▶ [YOUR INSTRUCTIONS] Apart from the pictures, output all of the records exactly.

╭─ DATA EXTRACT

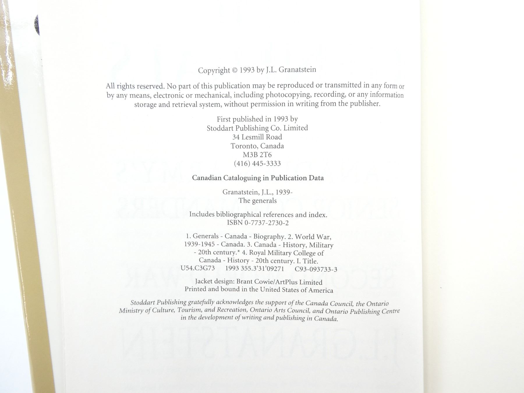 Lot 34107 "THE GENERALS, THE CANADIAN ARMY'S SENIOR COMMANDERS IN THE SECOND WORLD WAR" BOOK
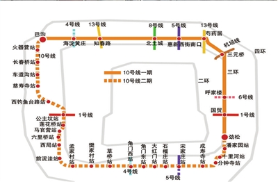 將于下月底動工的10號線二期全長32.46公里,起點為勁松站,終點為巴溝站,全長設(shè)站23座,其中換乘站12座,預(yù)計2013年9月30日竣工。屆時它將與已通車的10號線一期組成北京第二條環(huán)線地鐵線路。
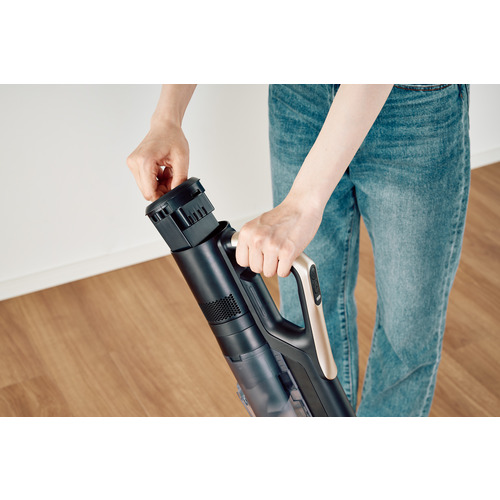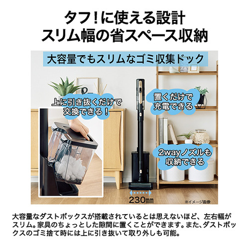 大容量なダストボックスが搭載されているとは思えないほど、左右幅がスリム。家具のちょっとした隙間に置くことができます。また、ダストボックスのゴミ捨て時には上に引き抜いて取り外しも可能。
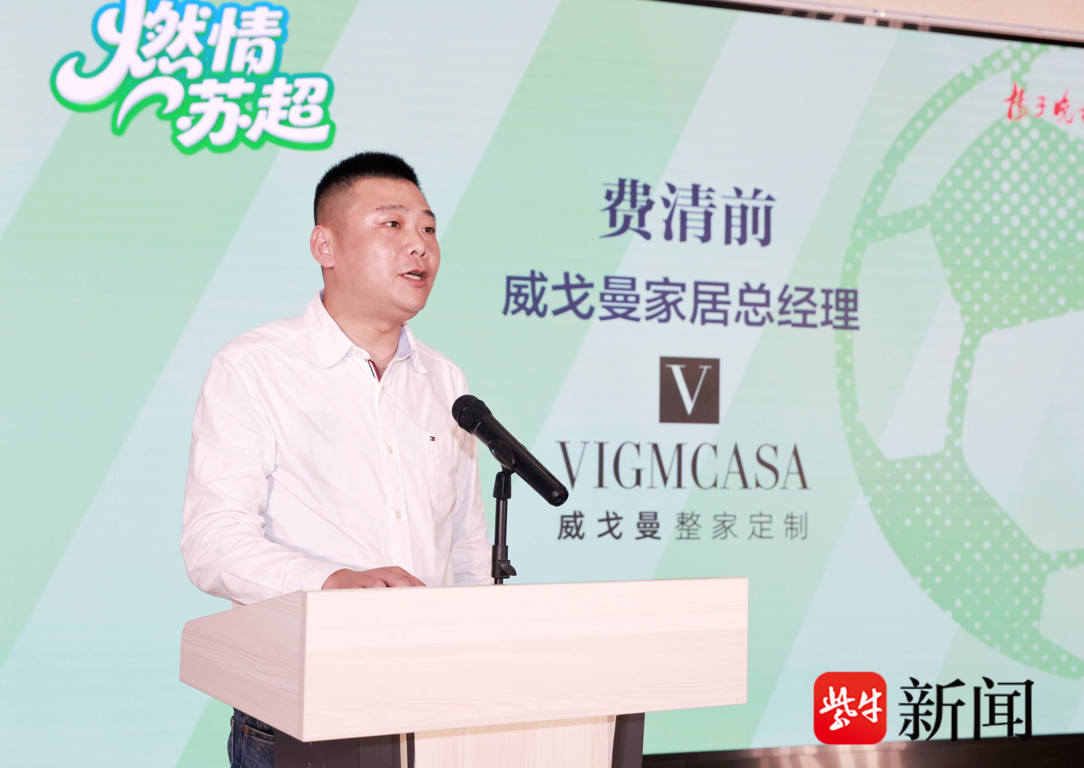 费清前在致辞中指出,威戈曼家居一直倡导“健康生活与美好人居”的理念,此次冠名“燃情苏超”访谈直播,正是因为“苏超”所承载的拼搏向上、追求卓越、凝聚合力的体育精神,这与品牌倡导的健康品质生活高度契合。威戈曼期待通过赛事直播,与广大球迷深度连接,带来更燃、更近的观赛体验。
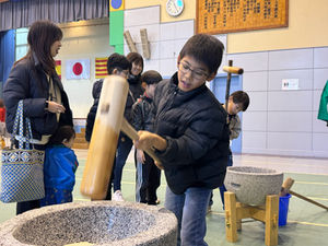 令和8年の水曜会主催餅つき大会も、本校を会場として行われました。子どもたちは、エイサーの演舞と太鼓の演奏を披露するため、一生懸命練習してきました。演舞・演奏終了後、会場の皆様から大きな拍手をいただき、子どもたち一人一人が達成感を感じる1日となりました。餅つきの体験も楽しく取り組むことができました。
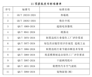 2024年,造紙標(biāo)委會(huì)繼續(xù)堅(jiān)持以行業(yè)需求為導(dǎo)向,不斷深化和完善造紙工業(yè)標(biāo)準(zhǔn)體系,引領(lǐng)造紙行業(yè)綠色、高質(zhì)量發(fā)展。截止目前,共有11項(xiàng)國(guó)家和行業(yè)標(biāo)準(zhǔn)獲批發(fā)布,19項(xiàng)國(guó)家和行業(yè)標(biāo)準(zhǔn)制修訂計(jì)劃批準(zhǔn)下達(dá)。
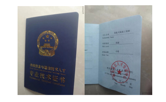 兩個月后,王芯拿到了證書,在她展示的照片上,深藍(lán)色證書封面上,印有國徽圖案,下面寫著“全國信息與通信技術(shù)人才專業(yè)技術(shù)證書”字樣,證書內(nèi)考核級別為“高級”,證書印發(fā)機(jī)構(gòu)為“郵電通信人才交流中心”。
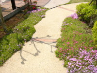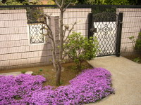 | こちらは親世帯のアプローチ。 芝桜のピークは過ぎてしまったようです。 |
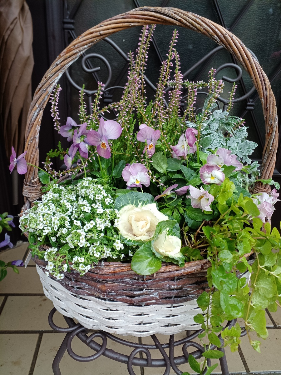 籠使いで葉牡丹が、薔薇みたいで可愛い💕
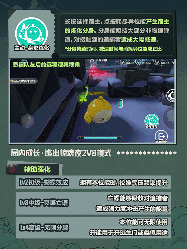 【基础介绍】得益于自己的“出色发明”,伊万德能在不影响挖煤或其它工作的同时,用亡蝶寄生队友并远程观察宿主,在合适时机施以“怜悯”。
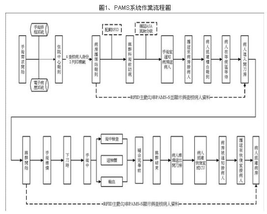 PAMS系統(tǒng)除了應(yīng)用RFID的辨識(shí)及追蹤特性提升手術(shù)病人安全,系統(tǒng)本身設(shè)置的溝通平臺(tái),更整合全院各單位特性及需求,改善手術(shù)流程各環(huán)節(jié)。在手術(shù)表單部分,針對(duì)門診、住院、急診不同手術(shù)特性以及不同手術(shù)科別做設(shè)計(jì),使用者不會(huì)因手術(shù)時(shí)間過短而遺失重要訊息;在麻醉咨詢方面,手術(shù)患者手術(shù)前的麻醉訪視更達(dá)到100%;在護(hù)送方面,患者護(hù)送需求透過系統(tǒng)使用界面更具體,派送人力更有效率的運(yùn)用;在手術(shù)器械方面,器械有效日期的警示,簡(jiǎn)便器械庫(kù)存使用管理;在病理檢體方面,人工切片檢查結(jié)果可于線上即時(shí)呈現(xiàn),減少檢體運(yùn)送的時(shí)間與錯(cuò)誤;在手術(shù)團(tuán)隊(duì)方面,手術(shù)時(shí)間的紀(jì)錄可以即時(shí)、同步且一致;在品質(zhì)指標(biāo)管理部分,可配合衛(wèi)生署申報(bào)上傳作業(yè),品質(zhì)指標(biāo)可提供給全院各單位各科別甚至各主治醫(yī)師作為醫(yī)療品質(zhì)改善的依據(jù)。
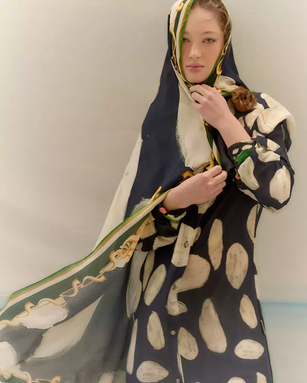 Feito em voil de viscose italiana com fios superfinos que remetem a seda, o Lenço 145 traz a obra "Chocolate", da artista extraordinária Clara Woods.
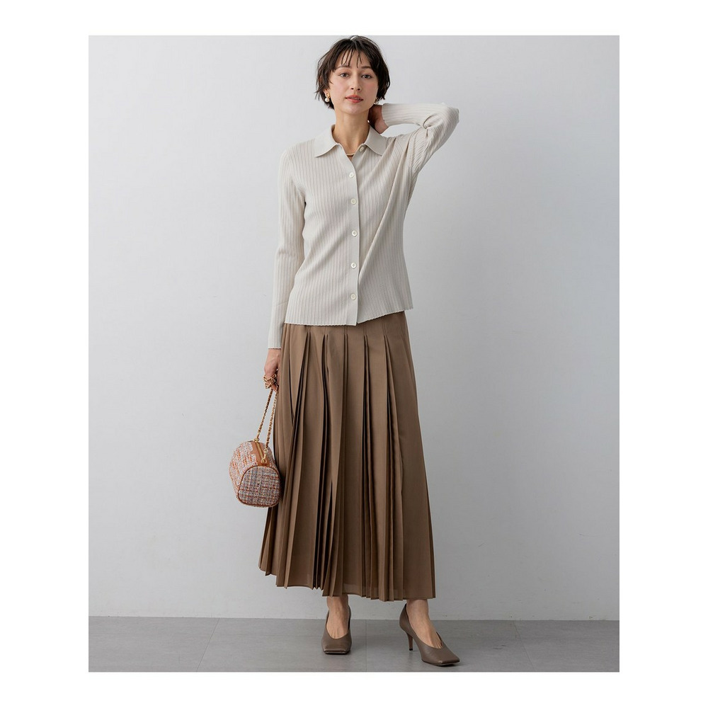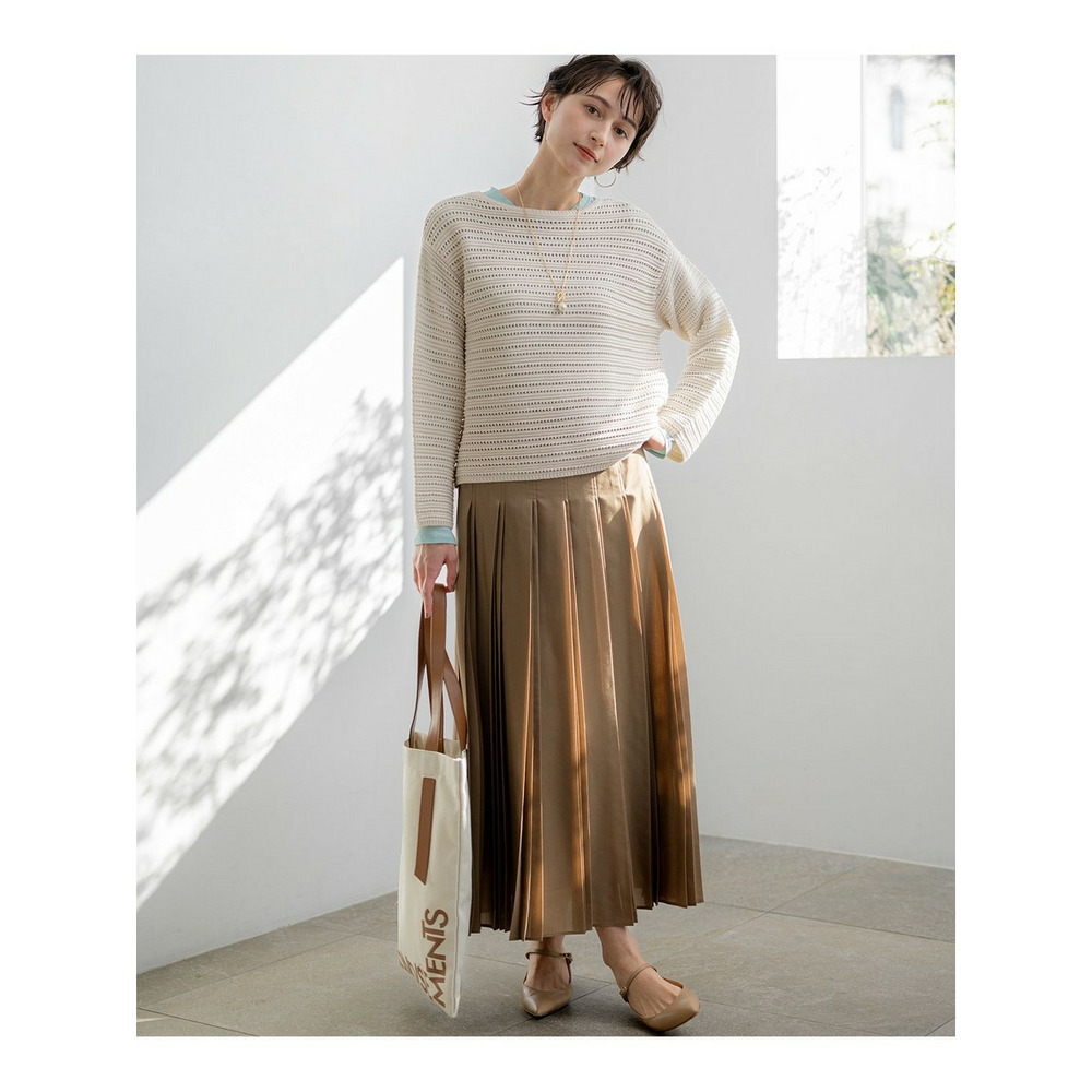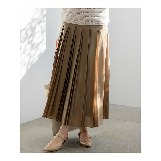 上品な光沢と揺れ感が魅力。大人のためのデザインプリーツスカート
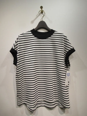 黒白ボーダー 襟ぐりと袖口は黒の無地前後差あり 手洗い可能
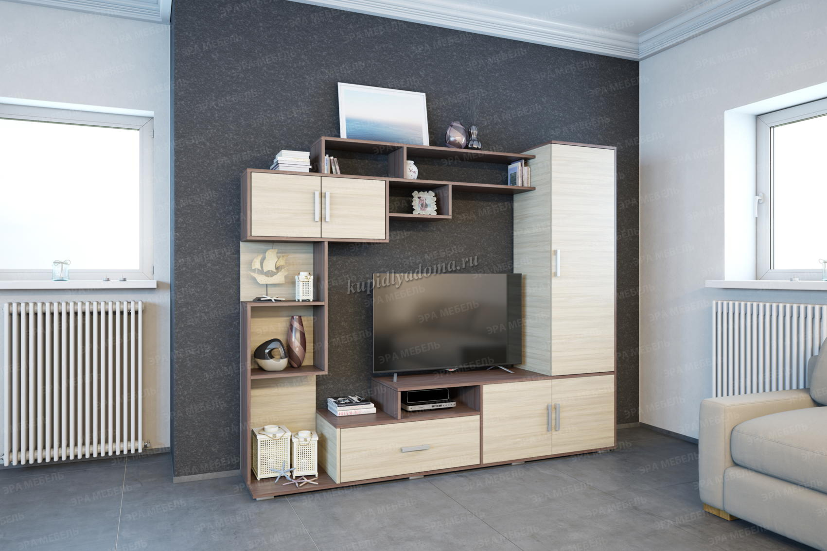Место под ТВ: 1200х1000 мм.

╰─

▶ [RESULT OF THIS EXERCISE]
 Lot 34107 "THE GENERALS, THE CANADIAN ARMY'S SENIOR COMMANDERS IN THE SECOND WORLD WAR" BOOK
 將于下月底動工的10號線二期全長32.46公里,起點為勁松站,終點為巴溝站,全長設(shè)站23座,其中換乘站12座,預(yù)計2013年9月30日竣工。屆時它將與已通車的10號線一期組成北京第二條環(huán)線地鐵線路。
 大容量なダストボックスが搭載されているとは思えないほど、左右幅がスリム。家具のちょっとした隙間に置くことができます。また、ダストボックスのゴミ捨て時には上に引き抜いて取り外しも可能。
 费清前在致辞中指出,威戈曼家居一直倡导“健康生活与美好人居”的理念,此次冠名“燃情苏超”访谈直播,正是因为“苏超”所承载的拼搏向上、追求卓越、凝聚合力的体育精神,这与品牌倡导的健康品质生活高度契合。威戈曼期待通过赛事直播,与广大球迷深度连接,带来更燃、更近的观赛体验。
 令和8年の水曜会主催餅つき大会も、本校を会場として行われました。子どもたちは、エイサーの演舞と太鼓の演奏を披露するため、一生懸命練習してきました。演舞・演奏終了後、会場の皆様から大きな拍手をいただき、子どもたち一人一人が達成感を感じる1日となりました。餅つきの体験も楽しく取り組むことができました。
 2024年,造紙標(biāo)委會(huì)繼續(xù)堅(jiān)持以行業(yè)需求為導(dǎo)向,不斷深化和完善造紙工業(yè)標(biāo)準(zhǔn)體系,引領(lǐng)造紙行業(yè)綠色、高質(zhì)量發(fā)展。截止目前,共有11項(xiàng)國(guó)家和行業(yè)標(biāo)準(zhǔn)獲批發(fā)布,19項(xiàng)國(guó)家和行業(yè)標(biāo)準(zhǔn)制修訂計(jì)劃批準(zhǔn)下達(dá)。
 兩個月后,王芯拿到了證書,在她展示的照片上,深藍(lán)色證書封面上,印有國徽圖案,下面寫著“全國信息與通信技術(shù)人才專業(yè)技術(shù)證書”字樣,證書內(nèi)考核級別為“高級”,證書印發(fā)機(jī)構(gòu)為“郵電通信人才交流中心”。
 | こちらは親世帯のアプローチ。 芝桜のピークは過ぎてしまったようです。 |
 籠使いで葉牡丹が、薔薇みたいで可愛い💕
 【基础介绍】得益于自己的“出色发明”,伊万德能在不影响挖煤或其它工作的同时,用亡蝶寄生队友并远程观察宿主,在合适时机施以“怜悯”。
 PAMS系統(tǒng)除了應(yīng)用RFID的辨識(shí)及追蹤特性提升手術(shù)病人安全,系統(tǒng)本身設(shè)置的溝通平臺(tái),更整合全院各單位特性及需求,改善手術(shù)流程各環(huán)節(jié)。在手術(shù)表單部分,針對(duì)門診、住院、急診不同手術(shù)特性以及不同手術(shù)科別做設(shè)計(jì),使用者不會(huì)因手術(shù)時(shí)間過短而遺失重要訊息;在麻醉咨詢方面,手術(shù)患者手術(shù)前的麻醉訪視更達(dá)到100%;在護(hù)送方面,患者護(hù)送需求透過系統(tǒng)使用界面更具體,派送人力更有效率的運(yùn)用;在手術(shù)器械方面,器械有效日期的警示,簡(jiǎn)便器械庫(kù)存使用管理;在病理檢體方面,人工切片檢查結(jié)果可于線上即時(shí)呈現(xiàn),減少檢體運(yùn)送的時(shí)間與錯(cuò)誤;在手術(shù)團(tuán)隊(duì)方面,手術(shù)時(shí)間的紀(jì)錄可以即時(shí)、同步且一致;在品質(zhì)指標(biāo)管理部分,可配合衛(wèi)生署申報(bào)上傳作業(yè),品質(zhì)指標(biāo)可提供給全院各單位各科別甚至各主治醫(yī)師作為醫(yī)療品質(zhì)改善的依據(jù)。
 Feito em voil de viscose italiana com fios superfinos que remetem a seda, o Lenço 145 traz a obra "Chocolate", da artista extraordinária Clara Woods.
 上品な光沢と揺れ感が魅力。大人のためのデザインプリーツスカート
 黒白ボーダー 襟ぐりと袖口は黒の無地前後差あり 手洗い可能
Место под ТВ: 1200х1000 мм.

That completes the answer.